Ankimo: Beyond the Usual Raw Fish and Nori


Photo Credit: takaokun

Maki, California roll, Nigiri sushi, temaki, and uromaki are among the favorite items of sushi lovers whenever they visit a Japanese restaurant or a sushi bar, but not too many will order ankimo. Many call ankimo the foie gras of sushi, mainly because it is made from monkfish liver. This high end delight is creamy and light; it is Japanese food at gourmet levels.

What Ankimo is All About

Ankimo is not always available in sushi bars. In fact, it you want to be sure it will be served when you eat out, it would be best to inquire before you go. Ankimo is becoming progressively rare as a treat today because the population of monkfish or anglerfish has dwindled considerably. In World’s 50 Best Foods, CNN Travel says, “The monkfish/anglerfish that unknowingly bestows its liver upon upscale sushi fans is threatened by commercial fishing nets damaging its sea-floor habitat, so it’s possible ankimo won’t be around for much longer.

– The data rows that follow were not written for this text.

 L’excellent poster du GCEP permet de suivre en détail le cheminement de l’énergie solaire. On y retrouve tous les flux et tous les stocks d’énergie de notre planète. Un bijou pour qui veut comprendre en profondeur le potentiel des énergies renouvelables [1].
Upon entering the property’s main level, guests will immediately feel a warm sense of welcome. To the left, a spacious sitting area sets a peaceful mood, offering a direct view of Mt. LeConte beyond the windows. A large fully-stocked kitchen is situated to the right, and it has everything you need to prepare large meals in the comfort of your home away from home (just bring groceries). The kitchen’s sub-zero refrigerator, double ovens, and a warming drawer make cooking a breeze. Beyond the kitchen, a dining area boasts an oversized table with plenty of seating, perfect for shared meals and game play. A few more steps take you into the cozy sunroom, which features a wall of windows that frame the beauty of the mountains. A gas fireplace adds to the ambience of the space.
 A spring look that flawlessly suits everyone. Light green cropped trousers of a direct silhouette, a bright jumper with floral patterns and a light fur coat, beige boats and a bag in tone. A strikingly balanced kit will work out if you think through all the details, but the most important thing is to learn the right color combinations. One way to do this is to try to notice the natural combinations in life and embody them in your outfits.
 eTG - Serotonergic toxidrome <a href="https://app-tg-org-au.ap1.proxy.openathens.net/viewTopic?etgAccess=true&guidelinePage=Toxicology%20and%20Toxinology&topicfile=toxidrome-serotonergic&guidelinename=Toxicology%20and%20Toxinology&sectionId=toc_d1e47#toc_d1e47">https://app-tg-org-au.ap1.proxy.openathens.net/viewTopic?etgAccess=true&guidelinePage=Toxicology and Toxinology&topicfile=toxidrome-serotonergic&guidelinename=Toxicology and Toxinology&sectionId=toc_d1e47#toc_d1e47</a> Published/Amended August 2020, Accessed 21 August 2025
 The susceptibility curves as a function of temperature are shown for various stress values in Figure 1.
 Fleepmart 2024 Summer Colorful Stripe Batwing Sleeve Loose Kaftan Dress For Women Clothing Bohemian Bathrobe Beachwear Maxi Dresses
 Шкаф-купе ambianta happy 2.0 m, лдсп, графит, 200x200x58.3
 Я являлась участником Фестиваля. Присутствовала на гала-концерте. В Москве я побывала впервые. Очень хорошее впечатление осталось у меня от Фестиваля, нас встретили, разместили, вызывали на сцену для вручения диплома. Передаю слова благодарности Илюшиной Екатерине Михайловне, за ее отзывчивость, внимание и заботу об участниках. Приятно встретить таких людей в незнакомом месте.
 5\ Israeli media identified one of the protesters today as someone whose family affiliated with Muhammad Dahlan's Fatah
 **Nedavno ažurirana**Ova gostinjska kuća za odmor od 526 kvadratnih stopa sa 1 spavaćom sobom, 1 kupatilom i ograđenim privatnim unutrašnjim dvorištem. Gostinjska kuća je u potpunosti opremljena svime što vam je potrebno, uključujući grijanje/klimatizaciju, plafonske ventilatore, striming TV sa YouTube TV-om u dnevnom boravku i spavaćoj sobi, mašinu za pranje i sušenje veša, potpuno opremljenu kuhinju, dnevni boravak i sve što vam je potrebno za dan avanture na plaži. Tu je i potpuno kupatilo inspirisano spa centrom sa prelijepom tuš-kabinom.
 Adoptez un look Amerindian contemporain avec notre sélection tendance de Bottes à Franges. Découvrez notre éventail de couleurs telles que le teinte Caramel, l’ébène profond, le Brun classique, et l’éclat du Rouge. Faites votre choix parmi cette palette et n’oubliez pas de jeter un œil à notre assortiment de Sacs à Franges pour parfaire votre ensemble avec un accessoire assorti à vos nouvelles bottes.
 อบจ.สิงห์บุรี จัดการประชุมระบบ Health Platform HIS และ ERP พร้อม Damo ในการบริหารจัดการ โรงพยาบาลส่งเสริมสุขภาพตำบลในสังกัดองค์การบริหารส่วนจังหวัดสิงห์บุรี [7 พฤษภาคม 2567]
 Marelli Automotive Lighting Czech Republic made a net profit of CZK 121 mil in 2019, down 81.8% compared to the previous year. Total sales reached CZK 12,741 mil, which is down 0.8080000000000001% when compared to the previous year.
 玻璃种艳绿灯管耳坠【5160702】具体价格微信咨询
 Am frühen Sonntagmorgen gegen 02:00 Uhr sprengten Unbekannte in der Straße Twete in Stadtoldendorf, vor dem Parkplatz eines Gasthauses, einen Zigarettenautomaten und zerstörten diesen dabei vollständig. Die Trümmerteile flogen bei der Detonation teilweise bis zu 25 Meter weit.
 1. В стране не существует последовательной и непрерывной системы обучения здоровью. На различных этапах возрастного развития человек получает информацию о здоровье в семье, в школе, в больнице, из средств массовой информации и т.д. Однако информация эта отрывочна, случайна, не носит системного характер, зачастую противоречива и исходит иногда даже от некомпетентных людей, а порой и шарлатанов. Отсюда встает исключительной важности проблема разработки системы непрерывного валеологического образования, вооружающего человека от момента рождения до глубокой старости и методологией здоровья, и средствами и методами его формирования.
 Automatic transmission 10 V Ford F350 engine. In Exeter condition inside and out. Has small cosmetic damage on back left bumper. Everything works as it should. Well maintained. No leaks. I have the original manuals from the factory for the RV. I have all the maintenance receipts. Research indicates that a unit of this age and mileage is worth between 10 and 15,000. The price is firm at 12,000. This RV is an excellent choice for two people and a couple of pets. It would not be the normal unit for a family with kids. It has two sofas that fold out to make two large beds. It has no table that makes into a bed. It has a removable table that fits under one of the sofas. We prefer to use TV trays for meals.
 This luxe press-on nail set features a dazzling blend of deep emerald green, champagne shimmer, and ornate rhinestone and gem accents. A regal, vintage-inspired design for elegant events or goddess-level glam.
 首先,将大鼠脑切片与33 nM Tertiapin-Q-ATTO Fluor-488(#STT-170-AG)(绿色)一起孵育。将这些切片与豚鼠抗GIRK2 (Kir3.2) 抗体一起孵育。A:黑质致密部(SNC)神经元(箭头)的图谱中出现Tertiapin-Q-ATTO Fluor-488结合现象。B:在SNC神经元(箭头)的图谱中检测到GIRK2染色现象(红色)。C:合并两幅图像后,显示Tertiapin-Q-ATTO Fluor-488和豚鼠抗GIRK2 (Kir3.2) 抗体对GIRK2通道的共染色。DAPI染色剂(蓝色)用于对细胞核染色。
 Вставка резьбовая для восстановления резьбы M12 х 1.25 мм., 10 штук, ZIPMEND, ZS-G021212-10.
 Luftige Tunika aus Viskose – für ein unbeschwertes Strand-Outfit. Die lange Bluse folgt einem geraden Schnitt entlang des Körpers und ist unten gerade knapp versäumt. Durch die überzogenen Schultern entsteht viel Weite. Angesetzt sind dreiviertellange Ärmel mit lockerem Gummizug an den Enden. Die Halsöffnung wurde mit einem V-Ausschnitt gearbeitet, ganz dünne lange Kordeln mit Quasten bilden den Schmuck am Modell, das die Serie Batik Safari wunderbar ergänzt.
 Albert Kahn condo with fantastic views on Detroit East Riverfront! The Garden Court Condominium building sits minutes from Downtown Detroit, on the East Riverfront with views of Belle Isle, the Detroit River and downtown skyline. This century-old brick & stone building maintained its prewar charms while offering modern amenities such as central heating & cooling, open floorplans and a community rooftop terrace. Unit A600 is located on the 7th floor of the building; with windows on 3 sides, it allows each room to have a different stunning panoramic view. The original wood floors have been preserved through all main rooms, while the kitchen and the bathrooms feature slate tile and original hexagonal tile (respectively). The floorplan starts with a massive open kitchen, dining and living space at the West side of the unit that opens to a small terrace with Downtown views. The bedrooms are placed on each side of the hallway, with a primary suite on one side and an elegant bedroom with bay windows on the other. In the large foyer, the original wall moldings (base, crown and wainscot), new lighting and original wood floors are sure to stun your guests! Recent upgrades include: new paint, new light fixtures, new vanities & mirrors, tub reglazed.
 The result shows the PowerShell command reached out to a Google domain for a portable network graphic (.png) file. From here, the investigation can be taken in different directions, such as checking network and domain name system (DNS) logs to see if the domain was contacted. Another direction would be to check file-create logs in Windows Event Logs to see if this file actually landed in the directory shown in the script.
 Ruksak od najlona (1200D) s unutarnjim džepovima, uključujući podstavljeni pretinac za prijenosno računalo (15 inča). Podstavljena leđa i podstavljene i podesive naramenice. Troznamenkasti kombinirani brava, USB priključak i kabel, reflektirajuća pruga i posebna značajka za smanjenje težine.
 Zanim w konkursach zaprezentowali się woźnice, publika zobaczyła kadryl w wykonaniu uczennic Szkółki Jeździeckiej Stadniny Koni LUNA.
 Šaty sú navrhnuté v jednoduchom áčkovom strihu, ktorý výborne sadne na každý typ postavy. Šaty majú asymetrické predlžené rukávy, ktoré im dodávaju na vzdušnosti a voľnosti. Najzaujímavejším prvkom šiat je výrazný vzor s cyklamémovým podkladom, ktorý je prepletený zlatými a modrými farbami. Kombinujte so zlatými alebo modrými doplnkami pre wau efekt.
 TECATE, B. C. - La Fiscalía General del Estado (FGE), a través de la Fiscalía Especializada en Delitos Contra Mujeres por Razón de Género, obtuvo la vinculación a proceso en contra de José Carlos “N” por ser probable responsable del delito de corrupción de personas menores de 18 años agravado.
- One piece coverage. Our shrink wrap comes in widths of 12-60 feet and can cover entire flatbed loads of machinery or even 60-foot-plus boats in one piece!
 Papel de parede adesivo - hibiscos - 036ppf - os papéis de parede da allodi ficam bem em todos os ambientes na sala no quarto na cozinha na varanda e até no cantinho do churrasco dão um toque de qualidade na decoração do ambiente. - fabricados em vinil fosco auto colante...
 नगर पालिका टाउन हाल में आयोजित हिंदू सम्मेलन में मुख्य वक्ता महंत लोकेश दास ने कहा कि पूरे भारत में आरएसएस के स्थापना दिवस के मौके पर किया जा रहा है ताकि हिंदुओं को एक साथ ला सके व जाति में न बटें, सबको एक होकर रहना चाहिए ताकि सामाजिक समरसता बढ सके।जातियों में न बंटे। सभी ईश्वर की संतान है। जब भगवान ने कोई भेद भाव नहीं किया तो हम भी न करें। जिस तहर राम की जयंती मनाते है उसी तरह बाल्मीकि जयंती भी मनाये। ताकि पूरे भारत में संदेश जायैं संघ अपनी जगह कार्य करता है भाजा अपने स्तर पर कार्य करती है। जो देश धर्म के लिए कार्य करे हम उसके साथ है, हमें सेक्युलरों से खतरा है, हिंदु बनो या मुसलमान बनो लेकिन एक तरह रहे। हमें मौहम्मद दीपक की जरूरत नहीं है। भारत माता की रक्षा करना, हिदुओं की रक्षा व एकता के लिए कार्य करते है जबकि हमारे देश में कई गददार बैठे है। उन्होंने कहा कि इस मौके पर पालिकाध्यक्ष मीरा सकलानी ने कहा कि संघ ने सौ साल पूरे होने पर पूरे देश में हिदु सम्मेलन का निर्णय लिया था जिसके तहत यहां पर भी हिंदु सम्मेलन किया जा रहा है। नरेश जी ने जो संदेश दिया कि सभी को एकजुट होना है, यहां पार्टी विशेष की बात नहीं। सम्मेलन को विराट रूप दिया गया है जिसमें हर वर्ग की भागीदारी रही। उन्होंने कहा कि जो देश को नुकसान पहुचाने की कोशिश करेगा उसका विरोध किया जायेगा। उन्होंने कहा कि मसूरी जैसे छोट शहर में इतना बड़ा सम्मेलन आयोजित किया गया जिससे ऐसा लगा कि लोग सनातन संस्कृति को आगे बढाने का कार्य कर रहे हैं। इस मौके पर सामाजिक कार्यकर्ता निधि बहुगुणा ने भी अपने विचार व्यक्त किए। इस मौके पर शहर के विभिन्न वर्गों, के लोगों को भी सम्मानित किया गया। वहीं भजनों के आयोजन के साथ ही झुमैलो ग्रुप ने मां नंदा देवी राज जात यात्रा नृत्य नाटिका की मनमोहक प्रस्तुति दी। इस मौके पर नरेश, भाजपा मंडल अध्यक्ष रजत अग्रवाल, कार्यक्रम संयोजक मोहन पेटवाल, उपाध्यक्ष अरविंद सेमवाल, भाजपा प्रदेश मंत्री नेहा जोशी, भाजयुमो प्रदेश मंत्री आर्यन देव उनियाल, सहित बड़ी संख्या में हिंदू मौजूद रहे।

“If you do stumble across the creamy, yet oddly light delicacy anytime soon, consider a taste — you won’t regret trying one of the best foods in Japan.”

Beyond Raw Fish and Nori

In SF Gate’s Liver of Monkfish: A Controversial Delicacy, Troy Sawaisanyakorn  quotes restaurateur Yoshi Tome who describes ankimo as “very rich and creamy, but yet at the same time very light and delicate, feeling silky and velvety to the palate”.

Ankimo is very pricey, one that Troy Sawaisanyakorn acknowledges as a dish that elicits mixed reactions. He says, “It’s the great delicacy of Japanese cuisine. This traditional dish is becoming increasingly popular in sushi bars, especially upscale ones, despite concerns that monkfish are overfished…

“Ankimo has been eaten in Japan longer than anyone can trace. Many believe that fishermen first prepared it because they could not afford to discard any part of their catch, including the big liver. And it is big. One monkfish liver generally is more than a half-foot long and weighs over a pound…

“Sushi restaurateurs find that it may take some persuasion for their American customers to try ankimo. Tome used to promise his customers that if they didn’t like it he would pay for it himself, although he does not have to do that anymore…”

Different Ways to Serve and Enjoy Ankimo

To prepare the fish liver that goes into ankimo sushi, salt is rubbed all over it and it is rinsed with sake. Generally, the liver is rolled into cylinders and steamed after its delicate veins are painstakingly extracted. It is traditionally served with grated daikon, finely sliced scallions, and flavord with ponzu sauce, which is made of gently simmered mirin, rice vinegar, dried tuna flakes, seaweed, and citrus. However, for discriminating diners, ankimo is a much coveted ingredient for special sushi.

As it is with all Japanese foods, this dish is presented in an artistic and appetizing way. The steamed ankimo cylinder is cut into neat slices with the daikon, the scallion, and the ponzu on the side, ready for whoever is ready for an adventurous bite.

Apart from getting your ankimo steamed and served with ponzu, Sawaisanyakorn mentions other ways it is served in restaurants. “Some restaurants, such as Kabuto A&S in San Francisco’s Richmond district, also serve it sushi-style, wrapped in nori with rice, with the traditional condiments and ponzu drizzled on top. Unlike other Japanese seafood dishes, ankimo is never eaten with soy sauce, which can overwhelm the liver’s delicate flavor. The acidity from ponzu sauce alleviates any fishy smell, and instead of wasabi, momiji oroshi provides a kick of hot red pepper and horseradish…

In Shizuokasushi’s Ankimo Presentations 2, Robert-Gilles Martineau presents other options for enjoying this delicacy. He has illustrations of how this can be prepared as a topping (instead of foie gras) for pasta, and he shows how good it looks with pressed sushi topped by fish jelly, or seasoned with sesame oil. Today’s cuisine provides chefs with a lot of leeway for creativity, and this new freedom applies to the way ankimo can be prepared.

Pairing Ankimo

In Wine Lover’s Page Japanese Food and 50 Year Old Wine, Dale Williams ventures to bring about fusions between akimo and Western wine. He says, “I love ankimo. And in some ways it resembles foie gras. I’ve had great experiences with demi-sec to moelleux Vouvray with fg, am I crazy to think this might work with the Moulin Touchais (I thought I’d save the Sauternes for end, likely to have less acidic verve, hard to serve in middle of savory courses)?”

Tradition and common sense dictate that a glass of good delicate sake would work best with ankimo, but thankfully, experts today have widened diners’ choices when they try to enjoy this delicacy to the fullest.